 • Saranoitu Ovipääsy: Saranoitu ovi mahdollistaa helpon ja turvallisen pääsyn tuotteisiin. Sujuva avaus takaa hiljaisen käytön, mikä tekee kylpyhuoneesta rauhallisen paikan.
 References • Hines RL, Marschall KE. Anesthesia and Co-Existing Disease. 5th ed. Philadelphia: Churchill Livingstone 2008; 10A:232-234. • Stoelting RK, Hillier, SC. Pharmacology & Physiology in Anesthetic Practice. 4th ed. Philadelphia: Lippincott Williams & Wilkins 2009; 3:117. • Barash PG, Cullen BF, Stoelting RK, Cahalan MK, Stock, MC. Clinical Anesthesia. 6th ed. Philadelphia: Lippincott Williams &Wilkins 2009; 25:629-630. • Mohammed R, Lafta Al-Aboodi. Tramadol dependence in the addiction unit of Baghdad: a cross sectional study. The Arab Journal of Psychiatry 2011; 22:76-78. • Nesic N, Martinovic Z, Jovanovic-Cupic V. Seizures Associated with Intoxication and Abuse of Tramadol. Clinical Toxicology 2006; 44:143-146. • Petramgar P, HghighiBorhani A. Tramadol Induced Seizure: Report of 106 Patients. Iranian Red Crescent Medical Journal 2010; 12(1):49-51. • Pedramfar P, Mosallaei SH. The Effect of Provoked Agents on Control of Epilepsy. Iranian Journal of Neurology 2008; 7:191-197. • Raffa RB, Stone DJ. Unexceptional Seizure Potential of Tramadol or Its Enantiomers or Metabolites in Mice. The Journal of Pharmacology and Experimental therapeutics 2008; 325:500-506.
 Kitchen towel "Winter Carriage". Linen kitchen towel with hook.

--

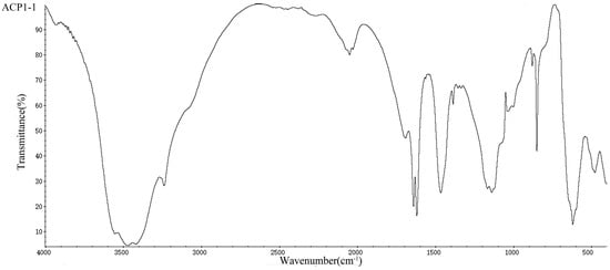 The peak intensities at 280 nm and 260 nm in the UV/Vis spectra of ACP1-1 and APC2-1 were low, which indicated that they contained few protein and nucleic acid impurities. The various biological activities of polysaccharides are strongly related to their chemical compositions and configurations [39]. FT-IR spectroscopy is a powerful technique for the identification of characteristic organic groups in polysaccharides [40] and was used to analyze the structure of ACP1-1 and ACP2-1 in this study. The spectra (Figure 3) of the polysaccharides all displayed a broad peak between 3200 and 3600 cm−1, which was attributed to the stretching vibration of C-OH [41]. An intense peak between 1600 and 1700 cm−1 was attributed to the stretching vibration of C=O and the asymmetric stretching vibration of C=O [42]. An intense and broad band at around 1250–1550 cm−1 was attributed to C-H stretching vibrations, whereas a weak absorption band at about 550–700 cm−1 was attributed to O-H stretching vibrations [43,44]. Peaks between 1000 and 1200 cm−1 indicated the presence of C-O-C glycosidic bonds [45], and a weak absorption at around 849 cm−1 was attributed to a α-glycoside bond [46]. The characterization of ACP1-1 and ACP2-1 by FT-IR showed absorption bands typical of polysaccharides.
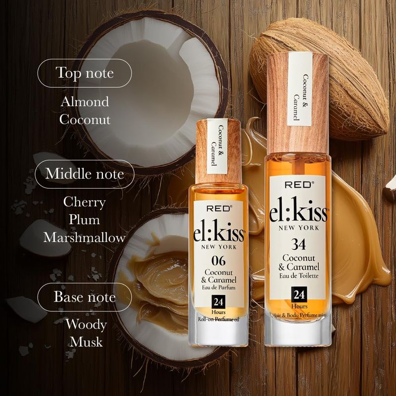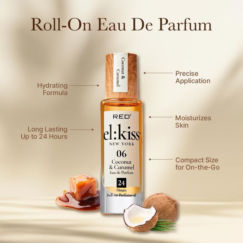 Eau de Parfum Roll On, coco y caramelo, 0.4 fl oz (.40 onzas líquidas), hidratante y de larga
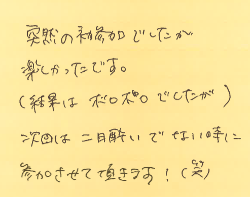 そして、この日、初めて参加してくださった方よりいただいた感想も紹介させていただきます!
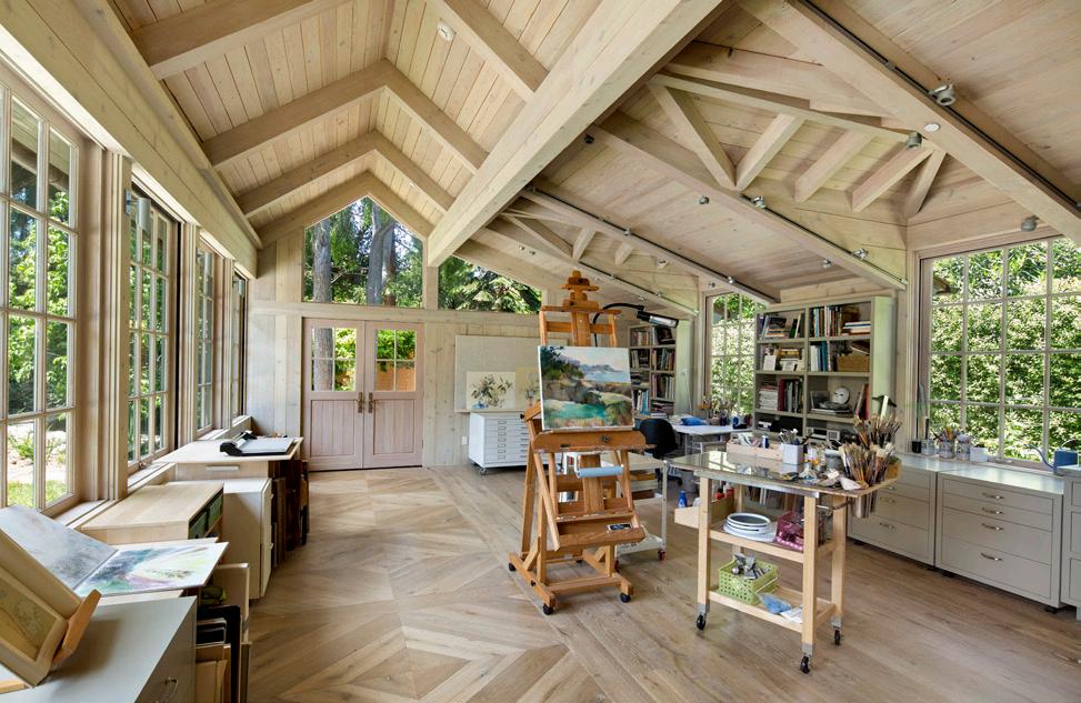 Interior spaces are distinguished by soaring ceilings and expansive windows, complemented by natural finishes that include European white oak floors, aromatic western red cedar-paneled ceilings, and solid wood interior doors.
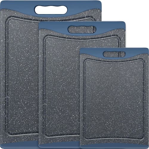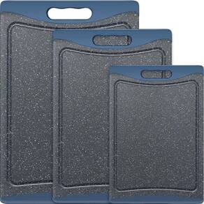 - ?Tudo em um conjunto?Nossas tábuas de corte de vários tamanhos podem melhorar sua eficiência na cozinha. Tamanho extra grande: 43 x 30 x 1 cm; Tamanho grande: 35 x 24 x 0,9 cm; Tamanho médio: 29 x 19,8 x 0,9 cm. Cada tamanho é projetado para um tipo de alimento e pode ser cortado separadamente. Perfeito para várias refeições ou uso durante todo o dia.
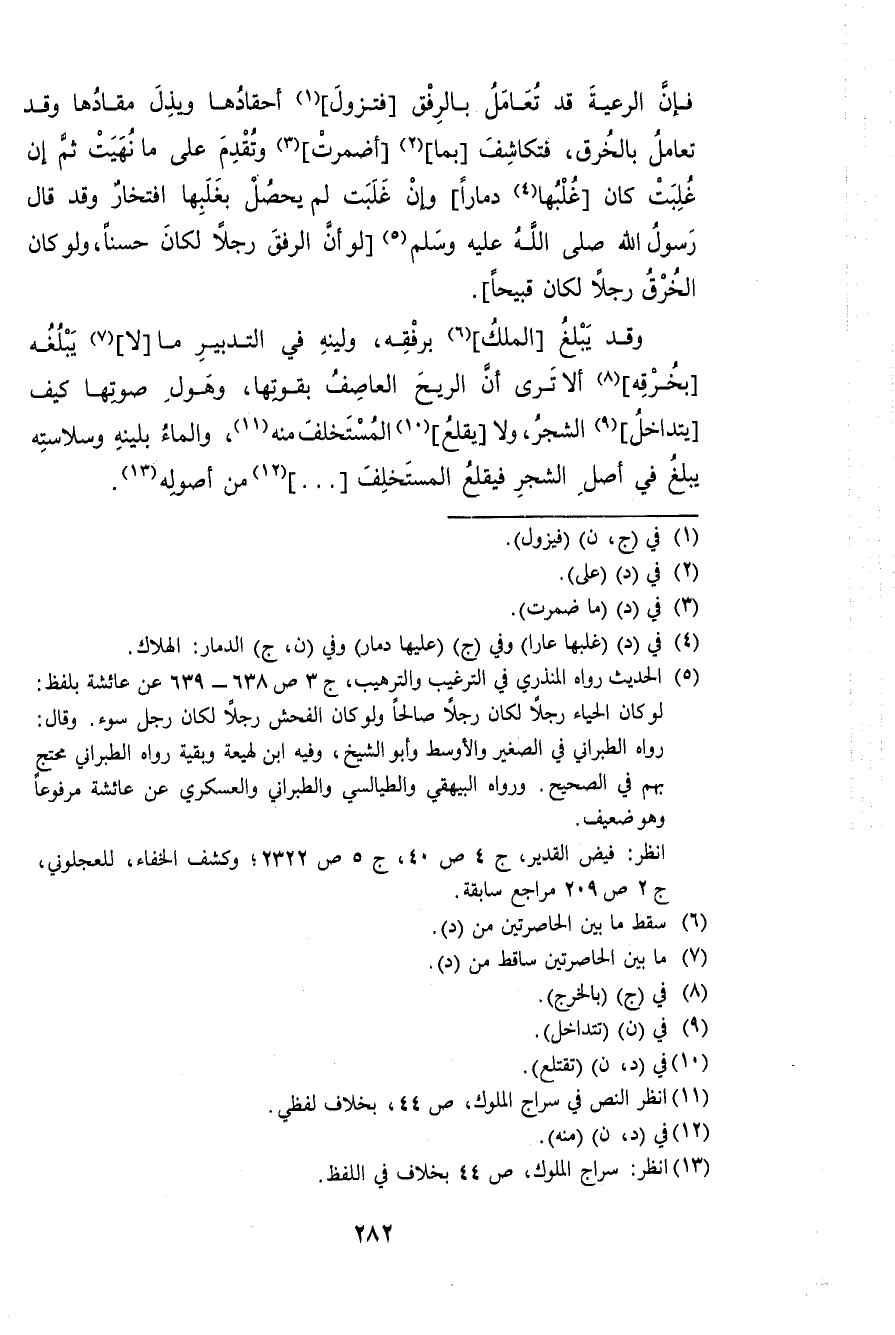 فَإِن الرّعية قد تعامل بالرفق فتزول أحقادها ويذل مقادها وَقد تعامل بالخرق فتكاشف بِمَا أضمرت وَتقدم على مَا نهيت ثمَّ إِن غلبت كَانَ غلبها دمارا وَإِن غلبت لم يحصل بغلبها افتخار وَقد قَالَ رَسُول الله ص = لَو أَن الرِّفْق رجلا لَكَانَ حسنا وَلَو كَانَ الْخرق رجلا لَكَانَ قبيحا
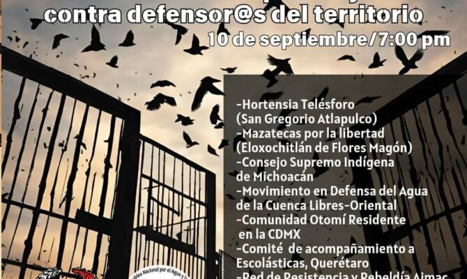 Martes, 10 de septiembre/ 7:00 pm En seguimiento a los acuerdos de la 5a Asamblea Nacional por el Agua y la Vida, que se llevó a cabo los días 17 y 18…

Problem requirements
The reply should consist solely of the lines above from the one that has "kylpyhuoneesta rauhallisen paikan." through the one that has "towel with hook.", reproduced exactly.

Your response
 • Saranoitu Ovipääsy: Saranoitu ovi mahdollistaa helpon ja turvallisen pääsyn tuotteisiin. Sujuva avaus takaa hiljaisen käytön, mikä tekee kylpyhuoneesta rauhallisen paikan.
 References • Hines RL, Marschall KE. Anesthesia and Co-Existing Disease. 5th ed. Philadelphia: Churchill Livingstone 2008; 10A:232-234. • Stoelting RK, Hillier, SC. Pharmacology & Physiology in Anesthetic Practice. 4th ed. Philadelphia: Lippincott Williams & Wilkins 2009; 3:117. • Barash PG, Cullen BF, Stoelting RK, Cahalan MK, Stock, MC. Clinical Anesthesia. 6th ed. Philadelphia: Lippincott Williams &Wilkins 2009; 25:629-630. • Mohammed R, Lafta Al-Aboodi. Tramadol dependence in the addiction unit of Baghdad: a cross sectional study. The Arab Journal of Psychiatry 2011; 22:76-78. • Nesic N, Martinovic Z, Jovanovic-Cupic V. Seizures Associated with Intoxication and Abuse of Tramadol. Clinical Toxicology 2006; 44:143-146. • Petramgar P, HghighiBorhani A. Tramadol Induced Seizure: Report of 106 Patients. Iranian Red Crescent Medical Journal 2010; 12(1):49-51. • Pedramfar P, Mosallaei SH. The Effect of Provoked Agents on Control of Epilepsy. Iranian Journal of Neurology 2008; 7:191-197. • Raffa RB, Stone DJ. Unexceptional Seizure Potential of Tramadol or Its Enantiomers or Metabolites in Mice. The Journal of Pharmacology and Experimental therapeutics 2008; 325:500-506.
 Kitchen towel "Winter Carriage". Linen kitchen towel with hook.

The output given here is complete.